Could you print, exactly as they stand, the lines from the one holding "This is a classic" to the end of the data below, and nothing more?

## Data shown:
*****

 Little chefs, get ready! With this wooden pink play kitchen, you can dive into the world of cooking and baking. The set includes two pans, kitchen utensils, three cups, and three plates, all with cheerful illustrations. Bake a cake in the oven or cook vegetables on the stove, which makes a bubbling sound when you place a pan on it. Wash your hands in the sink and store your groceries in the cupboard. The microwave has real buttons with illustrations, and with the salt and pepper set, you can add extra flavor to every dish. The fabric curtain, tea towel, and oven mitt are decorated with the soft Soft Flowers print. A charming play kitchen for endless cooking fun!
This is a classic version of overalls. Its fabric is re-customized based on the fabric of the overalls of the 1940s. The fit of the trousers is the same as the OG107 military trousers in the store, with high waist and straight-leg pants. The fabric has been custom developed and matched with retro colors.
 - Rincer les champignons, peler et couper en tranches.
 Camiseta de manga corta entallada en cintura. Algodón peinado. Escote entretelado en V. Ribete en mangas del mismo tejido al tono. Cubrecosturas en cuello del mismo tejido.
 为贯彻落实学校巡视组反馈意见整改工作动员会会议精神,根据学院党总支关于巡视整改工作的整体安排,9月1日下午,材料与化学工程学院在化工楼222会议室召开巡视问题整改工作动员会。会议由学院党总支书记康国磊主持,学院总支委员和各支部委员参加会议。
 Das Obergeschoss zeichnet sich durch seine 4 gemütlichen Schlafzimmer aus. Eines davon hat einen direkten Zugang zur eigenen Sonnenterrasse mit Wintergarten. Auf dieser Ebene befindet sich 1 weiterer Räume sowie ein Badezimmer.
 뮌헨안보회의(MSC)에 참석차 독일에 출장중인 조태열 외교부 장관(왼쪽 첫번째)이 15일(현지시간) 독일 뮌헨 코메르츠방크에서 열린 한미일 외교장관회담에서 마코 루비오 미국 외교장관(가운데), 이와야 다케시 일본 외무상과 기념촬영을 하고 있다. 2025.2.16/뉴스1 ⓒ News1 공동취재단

*****

## Answer below:
This is a classic version of overalls. Its fabric is re-customized based on the fabric of the overalls of the 1940s. The fit of the trousers is the same as the OG107 military trousers in the store, with high waist and straight-leg pants. The fabric has been custom developed and matched with retro colors.
 - Rincer les champignons, peler et couper en tranches.
 Camiseta de manga corta entallada en cintura. Algodón peinado. Escote entretelado en V. Ribete en mangas del mismo tejido al tono. Cubrecosturas en cuello del mismo tejido.
 为贯彻落实学校巡视组反馈意见整改工作动员会会议精神,根据学院党总支关于巡视整改工作的整体安排,9月1日下午,材料与化学工程学院在化工楼222会议室召开巡视问题整改工作动员会。会议由学院党总支书记康国磊主持,学院总支委员和各支部委员参加会议。
 Das Obergeschoss zeichnet sich durch seine 4 gemütlichen Schlafzimmer aus. Eines davon hat einen direkten Zugang zur eigenen Sonnenterrasse mit Wintergarten. Auf dieser Ebene befindet sich 1 weiterer Räume sowie ein Badezimmer.
 뮌헨안보회의(MSC)에 참석차 독일에 출장중인 조태열 외교부 장관(왼쪽 첫번째)이 15일(현지시간) 독일 뮌헨 코메르츠방크에서 열린 한미일 외교장관회담에서 마코 루비오 미국 외교장관(가운데), 이와야 다케시 일본 외무상과 기념촬영을 하고 있다. 2025.2.16/뉴스1 ⓒ News1 공동취재단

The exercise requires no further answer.